The defined contribution plans were never designed to be pensions at all but savings plans to supplement traditional pensions. Thanks to our wonderful Congress's lack of foresight, companies soon found loopholes in federal law and started ditching their pension plans in favor of these do-it-yourself scams in order to save money.
Another thing Congress better keep a close watch on are public employee pensions. They are NOT covered by the PBGC, unlike private pensions. If a state decided to ditch its pension plan tomorrow, retirees there would be without anything from them and get no help from the feds. This would be especially disastrous for retirees in states that don't pay into Social Security at all.

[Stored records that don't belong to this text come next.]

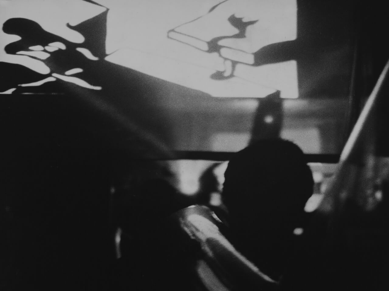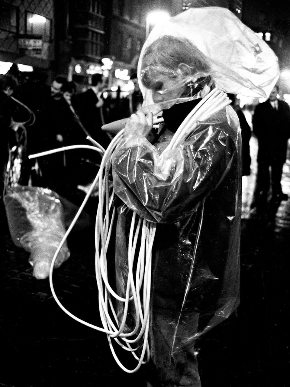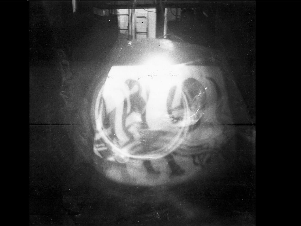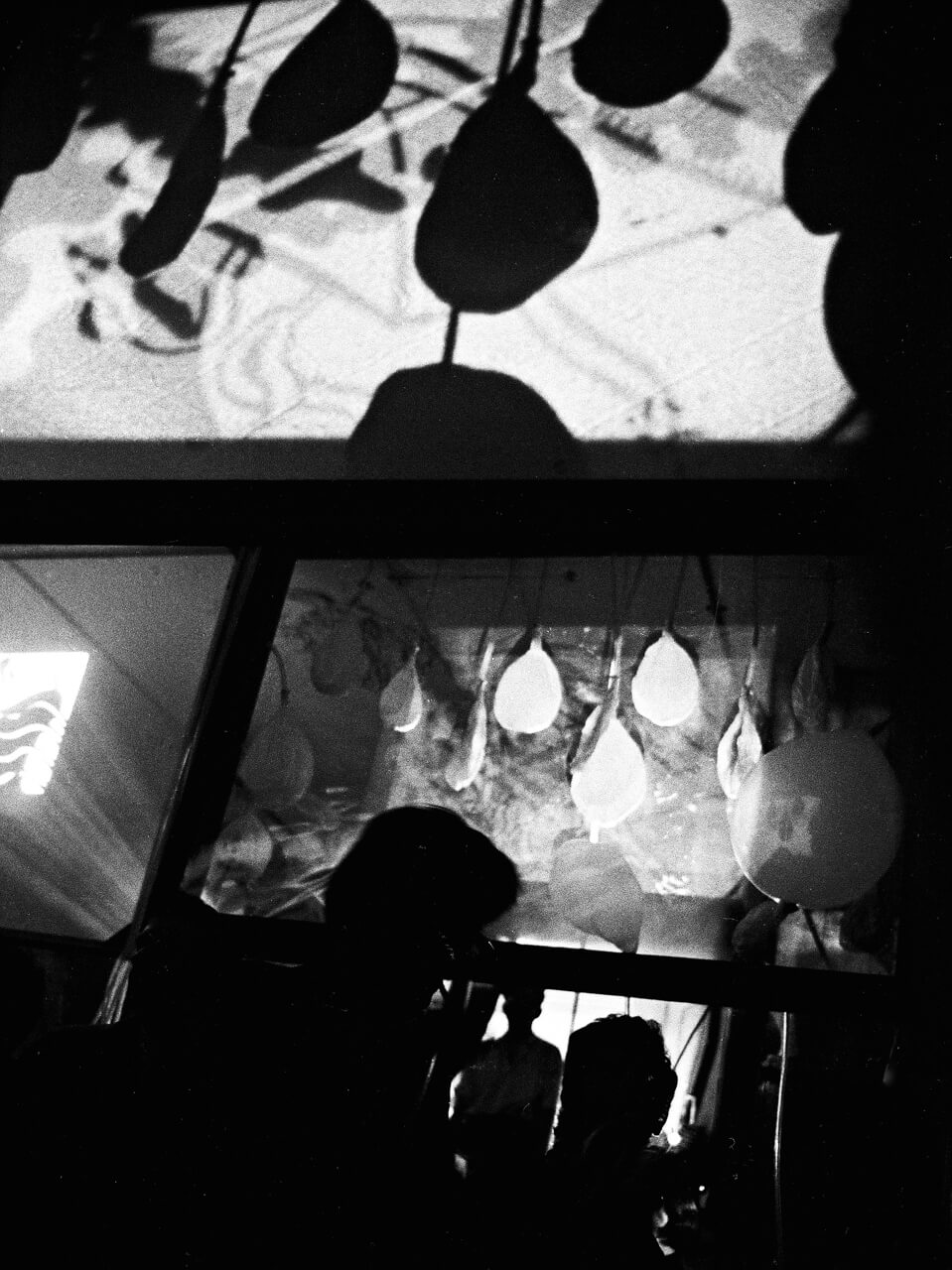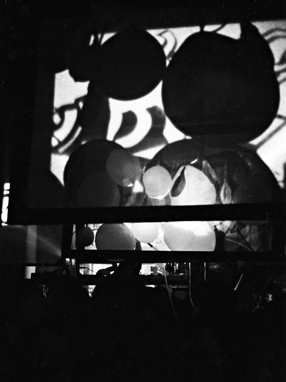 Emergences of Continuous Forms was one of a series of performances and installations in this period which explored various methods of extending the cinematic image into the space of the viewers and of provoking the viewer's physical interactivity in the cinematic experience. Initiated by Tjebbe van Tijen and located in the basement ‘happenings’ space of Better Books in London, multiple semi-transparent projection screens hung in two rows over the length of the gallery, thereby producing a spatial materialization of the film images. One of these screens had a transparent compartment filled with white balloons—tubes coming out of the screen allowed the public to inflate these balloons and so control the shape of the projection surface. Smoke was also used to create another three-dimensional continuum for the projected image as it passed from one screen surface to another. Tjebbe van Tijen extended this installation out into the streets of London with a procession of costumed performers and musicians.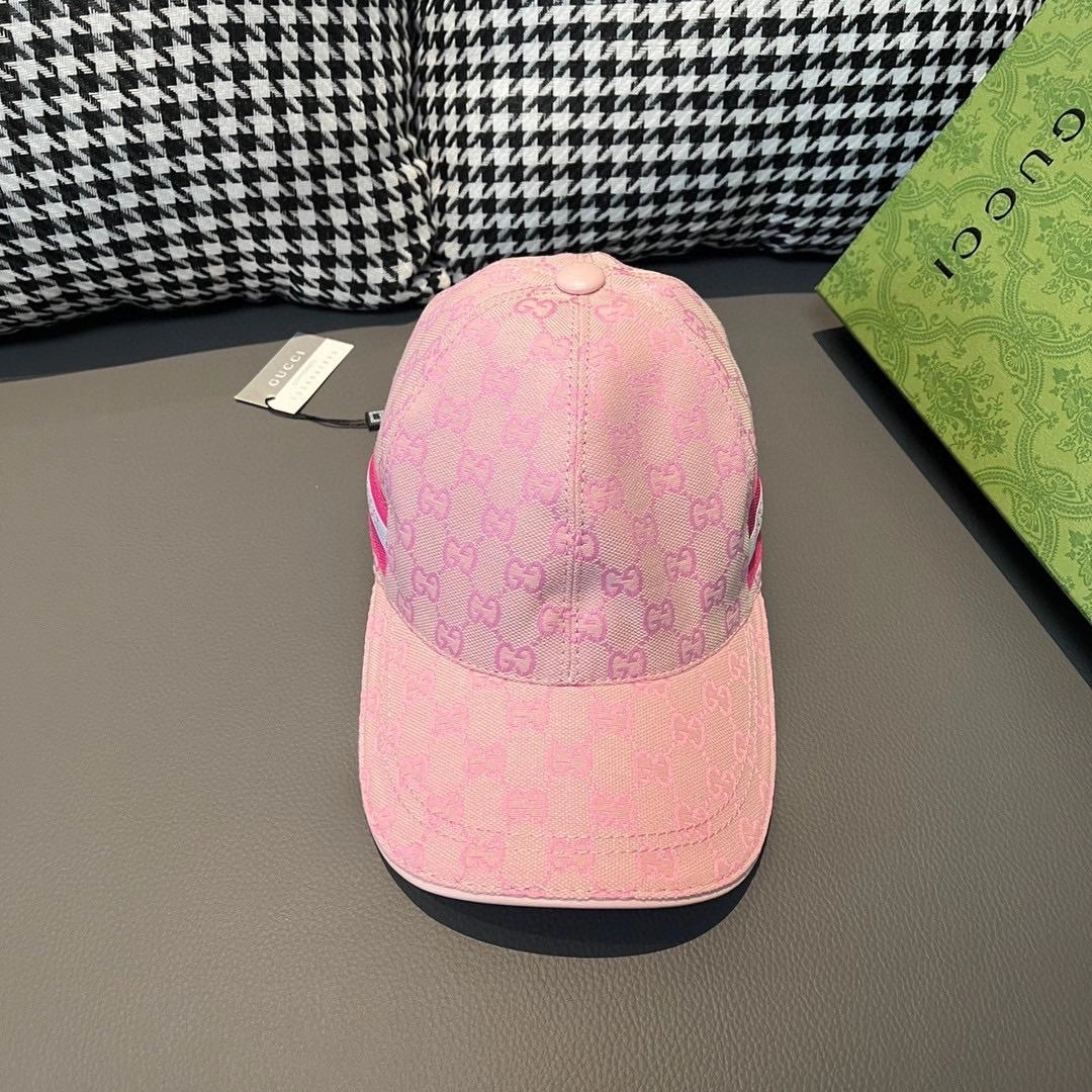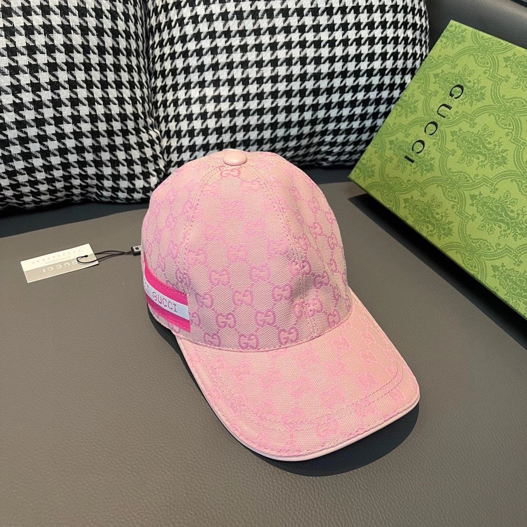 구찌 GG 자카드 로고 패치 핑크 베이스볼 캡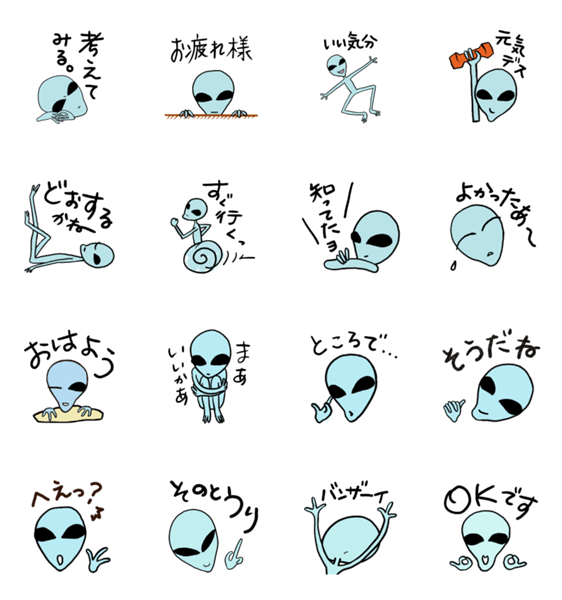 | スタンプ説明 | リトルグレイはすっかり地球の生活に慣れ、いろいろなメッセージを伝えています。 |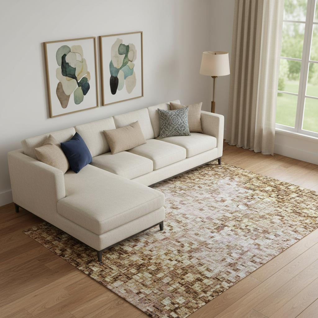 Set an inviting tone in your space with this 10-foot x 14-foot beige lavender and ivory abstract washable area rug with uv protection. Ideal for spaces with kids and pets, this rug is stain resistant to help repel dirt and spilled liquids. Built to last, this rug crafted from polyester fibers is known for its durability and long lasting appeal. Rugs are a great way to showcase your style, hide imperfections, warm your home and reduce noise. This larger sized, transitional styled rug is ready to create a focal point or statement piece in your room. 120.00-inch h x 168.00-inch w x 0.39-inch d.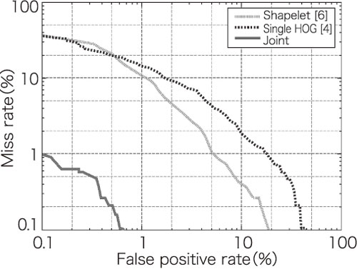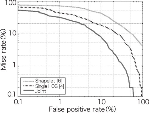 図8 人検出と車両検出におけるJoint HOGの効果。DET(Detection Error Tradeoff)による評価。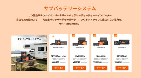 キャンピングカーサブバッテリーシステムを構成する製品もセール対象!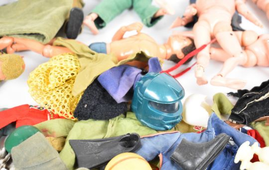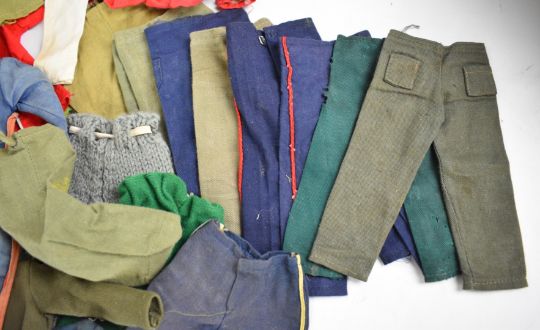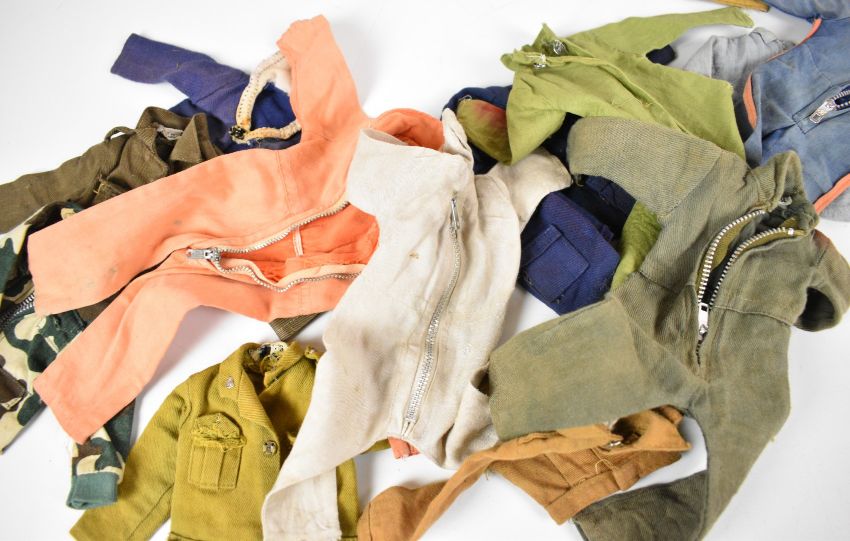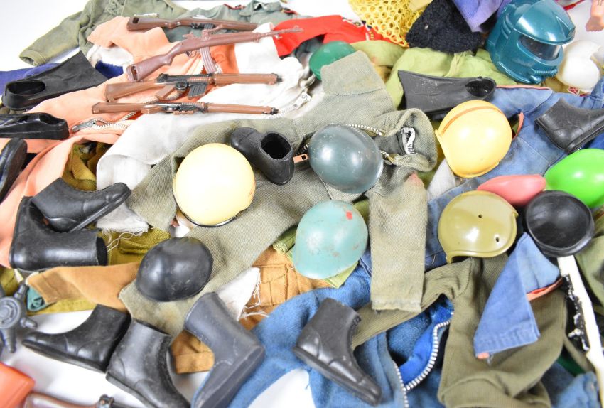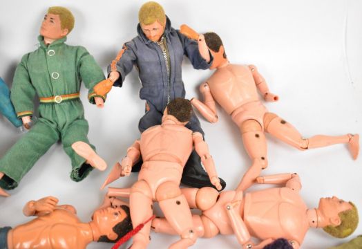 Ten vintage Palitoy Action Man figures, the majority flock haired examples and some with eagle eyes, together with a collection of clothing and accessories.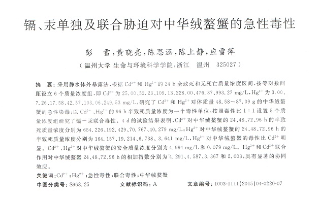 鎘、汞單獨(dú)及聯(lián)合脅迫對(duì)中華絨螯蟹的急性毒性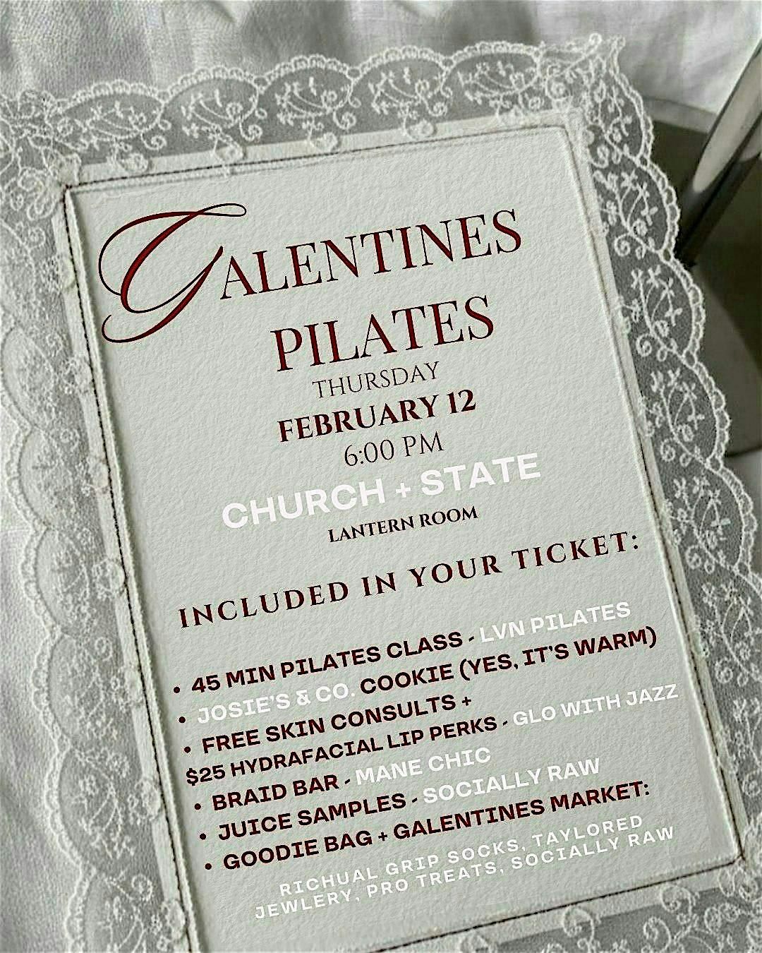 Show yourself some love! Join us for Galentines Pilates, Thursday February 12th at 6pm at Church + State, Lantern Room 💌

I am glad at least one employer has decided to reverse the trend to force workers into 401(k)s:
This helps explain why the members of the Society of Professional Engineering Employees in Aerospace (SPEEA) voted down the recent contract offer from Boeing. Boeing proposed to replace defined benefit pensions with deferred compensation for new employees. The impact of Boeing’s contract proposal would have been to cut its contributions for retirement for these new employees by about 40 percent. Putting all these employees’ retirement eggs into deferred compensation leaves their accounts at the mercy of the stock market. Even as they gain value, they also create long-term retirement insecurity.
If an employer wants to guarantee retirement income, then it is a lot less expensive through defined benefit plans rather than through deferred compensation. That’s because with deferred compensation, each individual has to have an account that separately anticipates his longevity. Each individual account has to be enough for a long life for each employee.
Compare this to defined benefit pensions. These pensions pool all the funding to finance an average employee’s retirement years. All retirees are taken care of. They can depend on their monthly stream of income, no matter how long they live. For instance, at Boeing, if you work 20 years, the minimum retirement benefit is $1,660 a month. The “herd” of the defined benefit pension protects the individual retiree.